According to the Transport for London consultation website, it is proposed to increase the price of the London Congestion Charge, along with a wide range of other measures to incrementally reform the scheme.
The proposal would see a 15% increase in the standard charge from £10 (US$16.38) to £11.50 (US$18.84), with a similar nominal increase for registered automatic payment users (£9 (US$14.74) going to £10.50 (US$17.20)), as with fleet users (typically used for goods vehicles).
Other charges to raise include the "pay next day charge" (the price for those who fail to pay on the day they travel, but pay on the next day) going from £12 (US$19.66) to £14 (US$22.93).
Those subject to the registered residents' discount see an increase in the daily charge from £0.90 (US$1.47- to £1.05 (US$1.72) per day.
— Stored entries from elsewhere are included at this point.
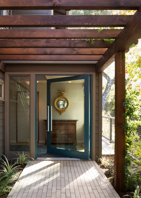 Уже у входа в частный дом становится понятно, что при его оформлении дизайнерами и хозяевами была проведена немалая работа, что к выбору цветовых сочетаний был выработан особый подход – использование союзов оттенков с различной «цветовой температурой». Прохладные цвета соседствуют с теплыми тонами и создают гармоничные альянсы.
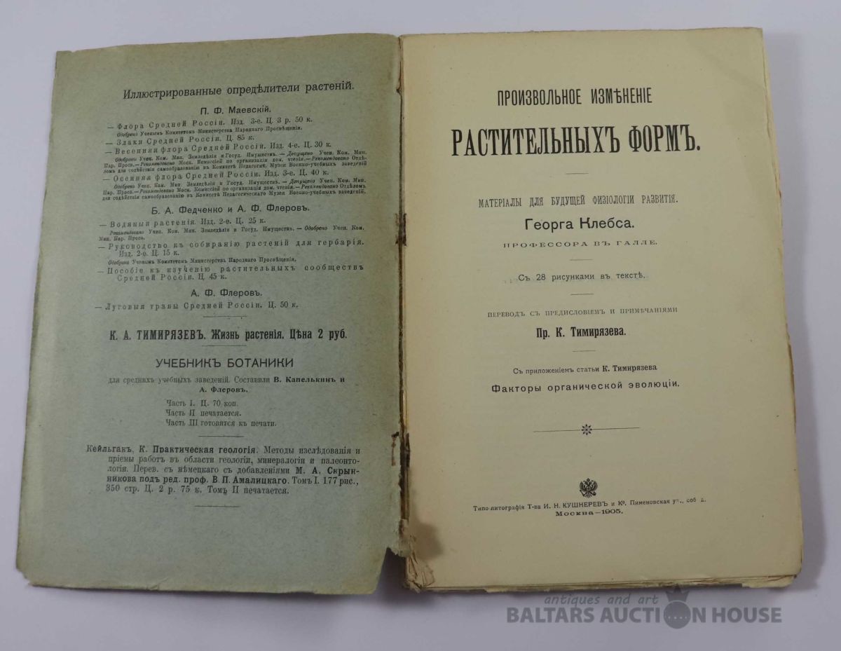 Г.Клебс Произвольное изменение растительных форм. 1905 г.
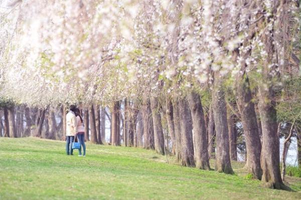 在南怡岛从中央红松路往东走,沿着江边会有一排排樱花树映入眼帘。低垂的树杈上开满了雪白的樱花,一眼望去很是壮观。很多情侣会选择在此拍摄婚纱照,留下难忘的美好回忆。不仅如此,游客还可以在宽阔的草地上边骑自行车,边享受春天的美景。
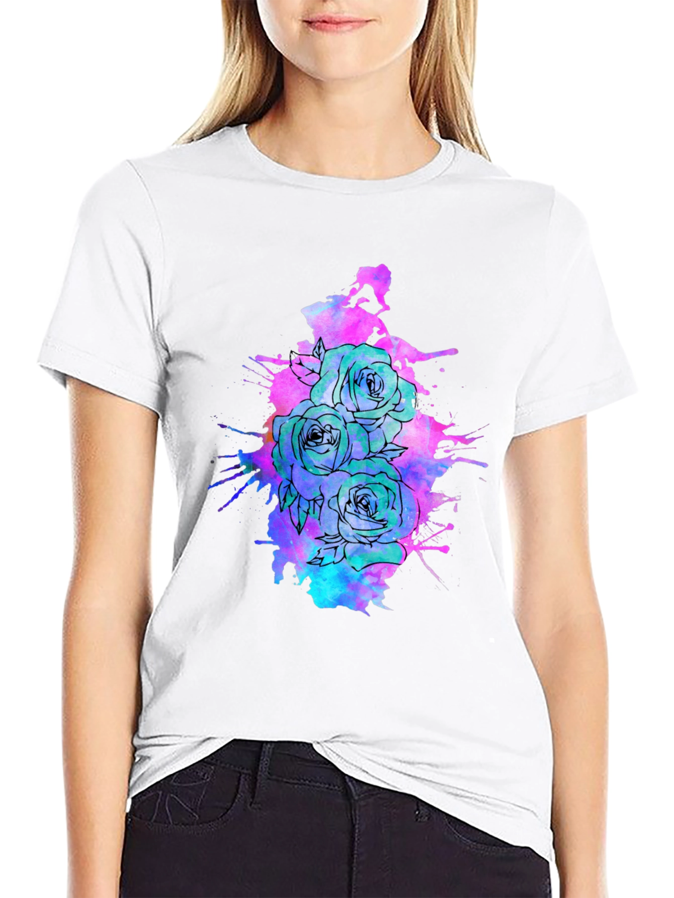 Stand out with this eye-catching black t-shirt featuring a vibrant floral design. The unique ink splatter effect creates a modern, artistic look. The design incorporates roses in shades of blue and teal, set against a background of pink and purple ink splatters. Made from a comfortable, breathable fabric, this tee is perfect for everyday wear or casual outings. Its striking graphic makes it a conversation starter. Pair it with jeans or shorts for a stylish, relaxed look. Express your individuality with this cool and trendy t-shirt.
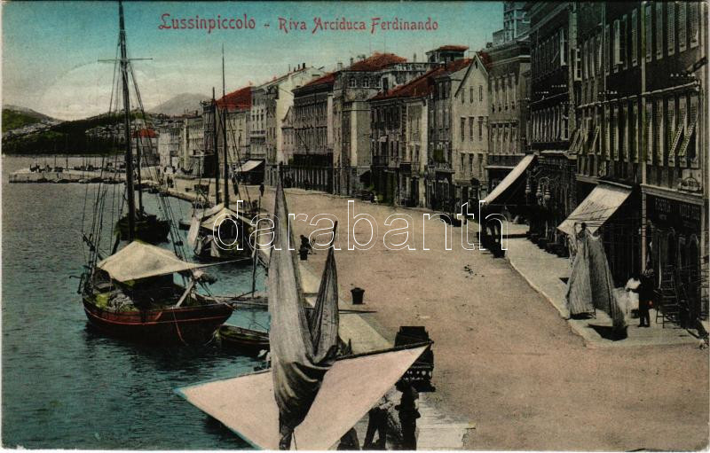 Mali Losinj, Lussinpiccolo; Riva Arciduca Ferdinando / quay, boats, sh... https://www.darabanth.com/hu/45-Nagyaukcio/45.1/Kepeslapok/Horvatorszag~18766/Mali-Losinj-Lussinpiccolo-Riva-Arciduca-Ferdinando-quay-boats-shops-Stengel-amp-Co~II3454196
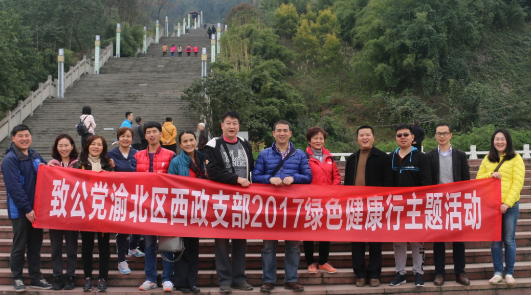 2017年3月4日,致公党重庆市渝北区西政支部在铁山坪森林公园登山步道开展2017绿色健康行主题活动。此次活动拉开了西政支部2017年主题活动的序幕,据悉,该支部今年还将开展法律服务、亲子交流、对接帮扶等多种形式的主题活动,将会进一步加强党员之间的沟通交流、增进友谊,同时扩大党派影响力。
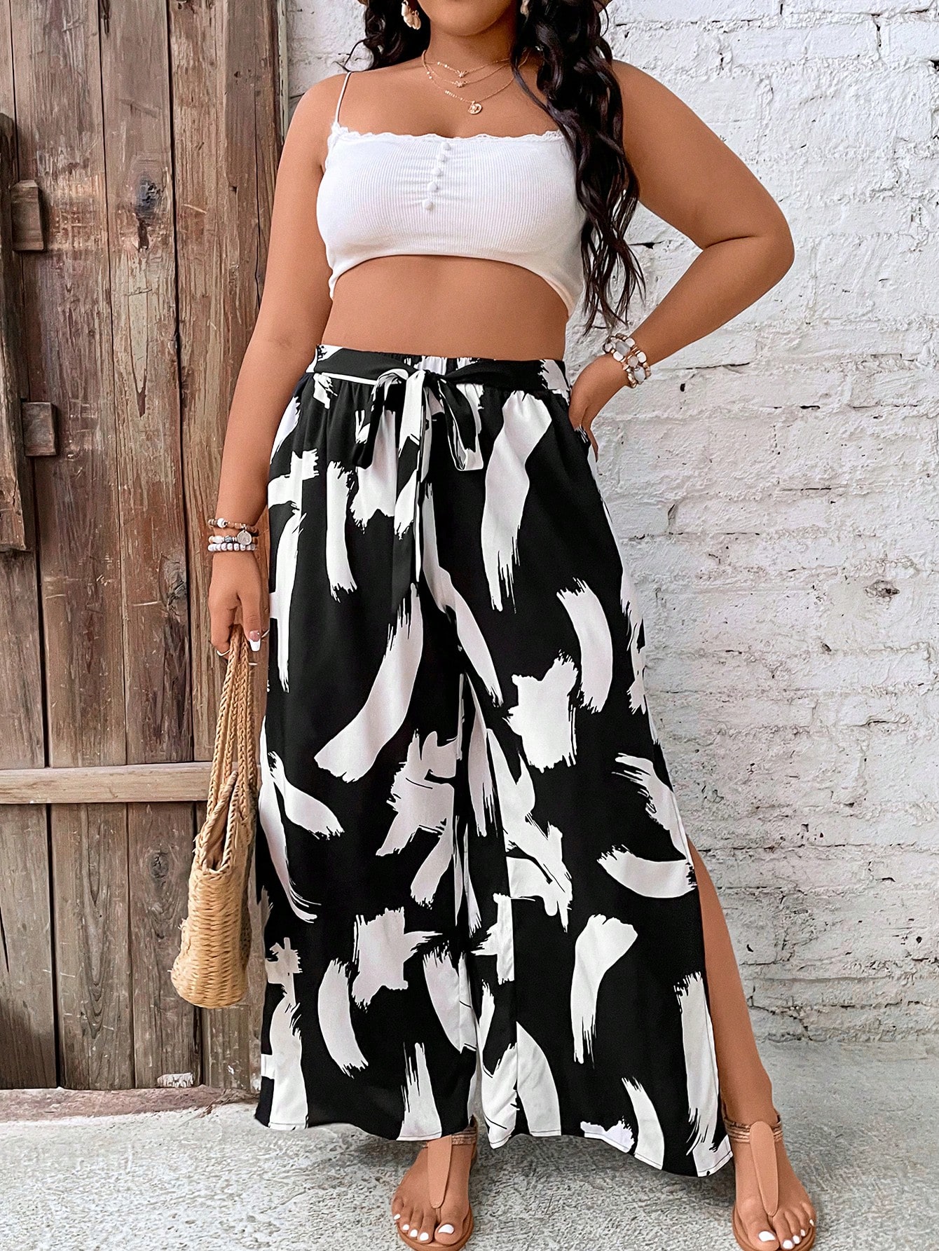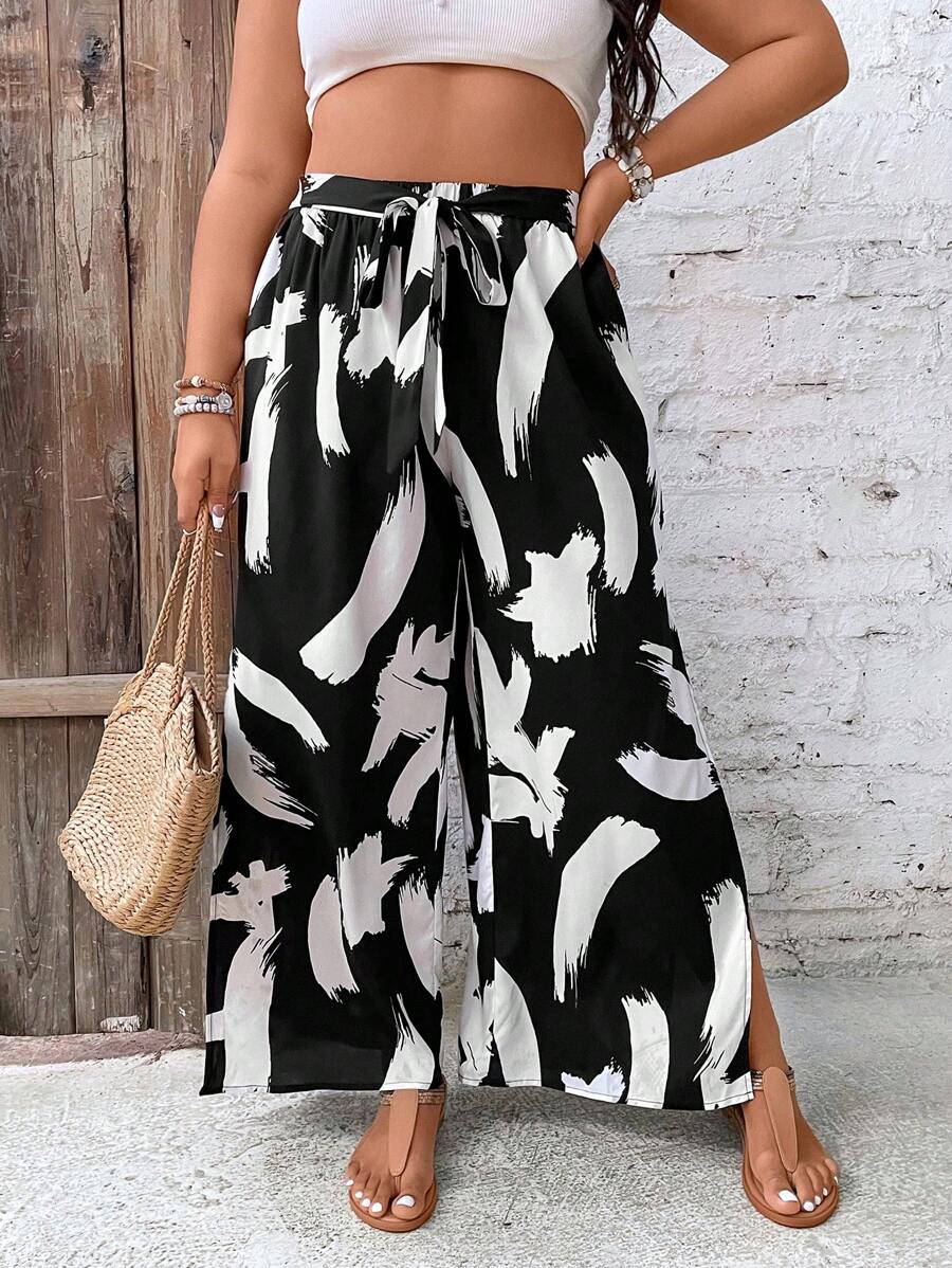 SHEIN LUNE Plus Brush Print Split Hem Belted Wide Leg Pants

Residents are those living within or immediately adjacent to the charging zone.
The proposed increase would come into effect in June 2014 and is now subject to public consultation.
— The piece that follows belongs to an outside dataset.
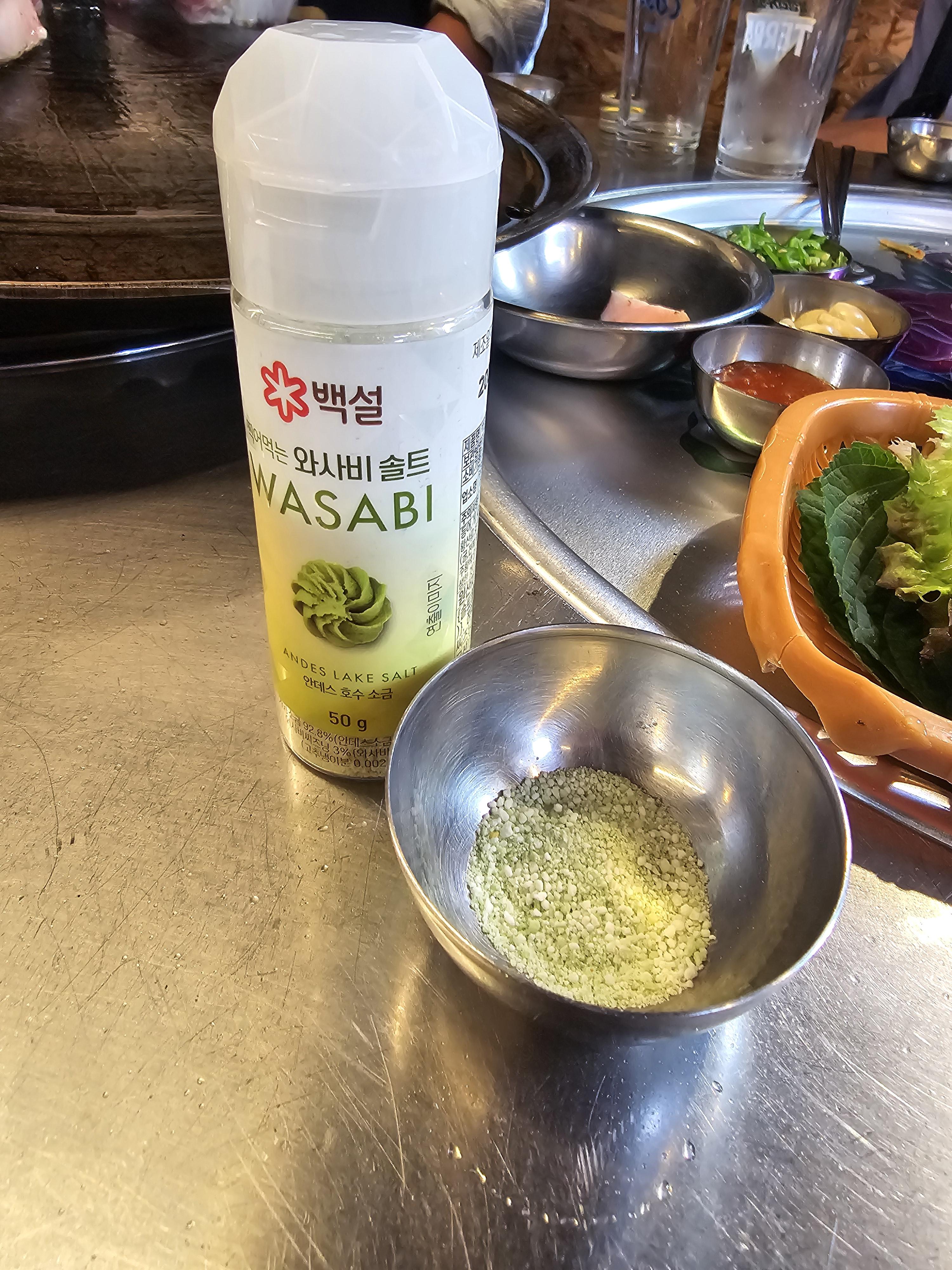 요건 오늘 삼겹살을 맛있게 먹기위해서 같이 온 일행이 준비한 와사비 소금이예요
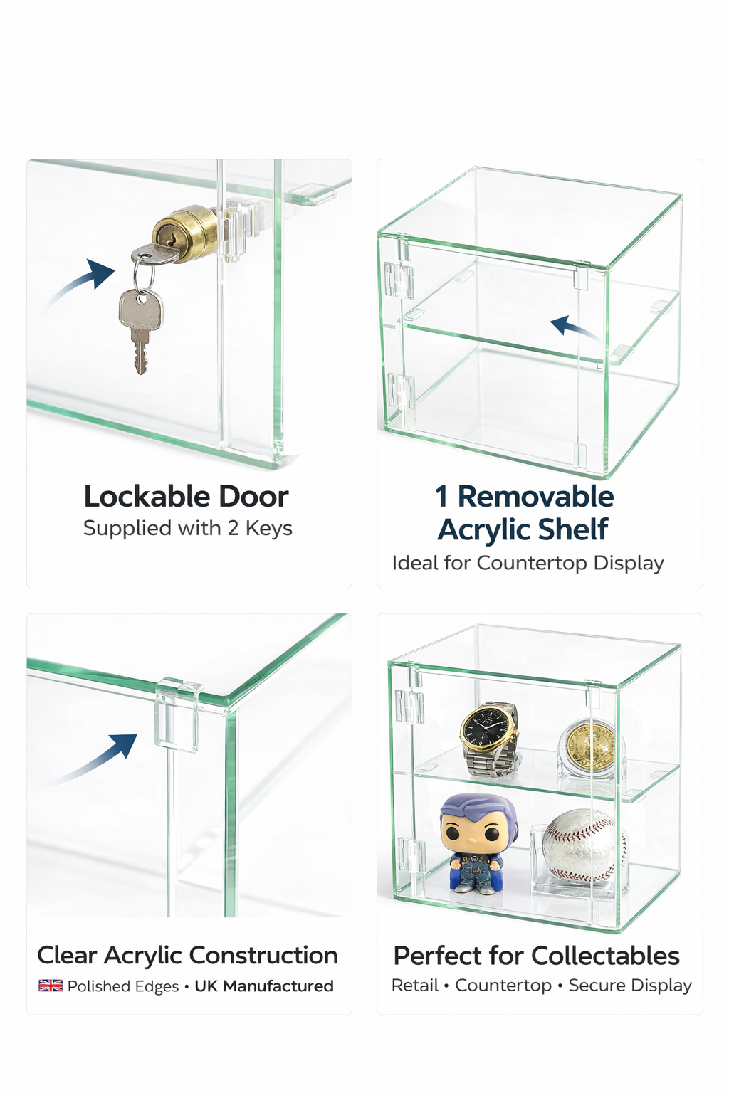 This small lockable display cabinet is manufactured out of 5mm glass effect acrylic. It has 1 removable shelf which sits 150mm from the bottom of the cabinet.

The intention is that is match inflation. The basic charge was increased to £10 for the start of 2011, so is a 15% increase fair for mid 2014? Given that inflation since 2011 has been closer to 3% per annum, this would appear to be above inflation.
So what will London motorists who pay the charge (who are a small proportion of all London motorists) get for this?
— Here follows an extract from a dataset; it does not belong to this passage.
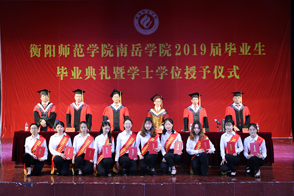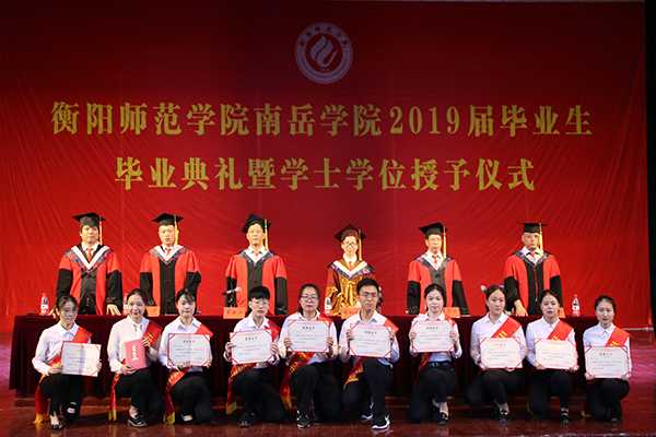 领导们为2019届省优秀毕业生代表、院优秀毕业生代表颁奖并合影留念
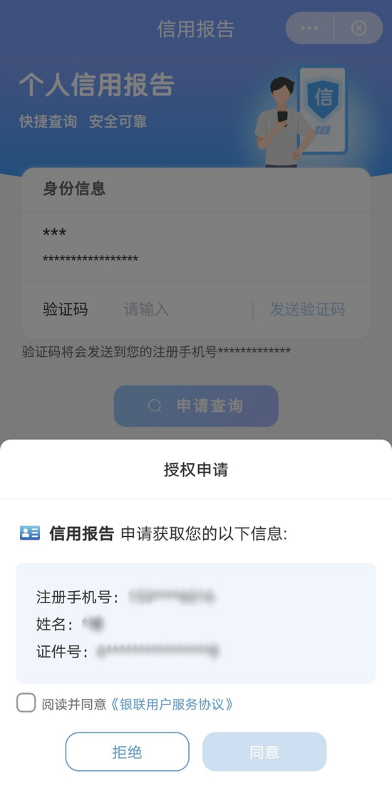 用户首次进入信用报告小程序,须勾选阅读并同意《银联用户服务协议》,点击同意用户信息授权后进入下一步,拒绝或不勾选协议则无法进入下一步。

It simply isn't clear. It is fair to presume that the extra money raised will likely be spent on a number of initiatives around cycling safety on existing roads, and some intersection improvement works, although there has been no announcement of the expected revenue increase. After all, part of the expectation is that the increased charge will result in a slight reduction in expected traffic levels.
It would be helpful if there was a bit more transparency around this. Certainly the current Mayor Boris Johnson has presented himself, in contrast to previous Mayor Ken Livingstone, as not being "at war" with motorists and supporting measures to improve traffic flow. However, very little is publicly announced about measures to achieve this. Certainly there is no lack of potential projects to improve traffic flow on London roads.
I strongly suspect this increase will go through will little concern, largely because few Londoners pay it from day to day. Only slightly more than half of London households have access to a car as it is, and cars come well behind trains, the underground and buses as a means of commuting into the charged zone. However, it would be a good move if there was some indication that without such an increase, some improvements to highways might not proceed. It is reasonable for those expected to pay to ask that question. After all, fare increases tend to be touted in terms of paying for improvements (even though in many cases the fares don't may not recover the operating costs of the public transport services themselves), so should increases in the congestion charge.
Other proposals are also set out in the consultation, most of which should not be controversial.
- Introducing direct debit as an option for Congestion Charge Autopay: This is a no-brainer, as at present the only means to pay is by credit or debit card. This simply provides another, slightly cheaper option, for users.
- Introducing online applications for discounts and discount renewals: At present, those applying for discounts (e.g. for residents' vehicles or ultra low emission vehicles), must do so by post. It seems logical to allow such applications to be made online, using scanned documents. The one exception that will remain is the "Blue Badge" (disabled user's vehicle) discount, which will remain a postal application, in part because it has long been subject to a measure of fraud. This scheme, which grants extensive parking privileges for the disabled, has long been difficult for government to reform.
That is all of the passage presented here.